Tailoring Fe3+‐Activated Broadband NIR Phosphors: Enhancing External Quantum Efficiency and Spectrum Adjustability Through Crystal Field Engineering in Double Perovskite Antimonate Structures

Abstract For near‐infrared (NIR) luminescent materials, it is a challenge to develop the next generation materials with high external quantum efficiency (EQE), low toxicity, and adjustable spectrum. The transition metal ion Fe 3+ can act as a good activator and emit NIR light in oxide host lattice, but there is limited research on this topic. Herein, authors have developed a series of Fe 3+ activated A 2 BSbO 6 :yFe 3+ (A = Ca, Sr, Ba; B = Sc, Y, Ga) phosphors with a double perovskite structure, which can efficiently convert the exciting light into NIR emission in the range of 750–1200 nm with a full‐width half‐maximum (FWHM) of 1372−1525 cm −1 . The NIR luminescence originates from the 4 T 1 (4G)→ 6 A 1 (6S) transition of the Fe 3+ ions situated in the octahedral sites.

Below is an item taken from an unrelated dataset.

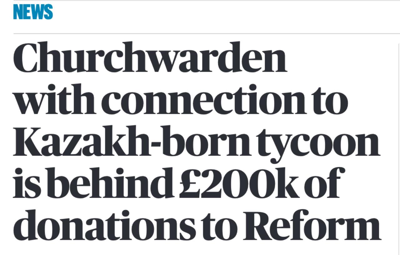 Газета The Sunday Times сегодня выносит на первую полосу страшную «сенсацию»: «Церковный староста, связанный с рожденным в Казахстане олигархом, стоит за взносами для партии Реформ на сумму 200 тысяч фунтов».

By employing crystal field engineering, the emission spectra peak can be adjusted within the range of 842–944 nm, and the excitation spectra can be tuned from 334 to 374 nm. These spectral adjustments enable a good match between the phosphors and commercially ultraviolet chips. When excited at 334 nm, the Sr 2 ScSbO 6 :0.1%Fe 3+ phosphor demonstrates a remarkably high EQE of 54.2% and high luminescent thermostability. These characteristics make it suitable for applications in NIR spectral detection.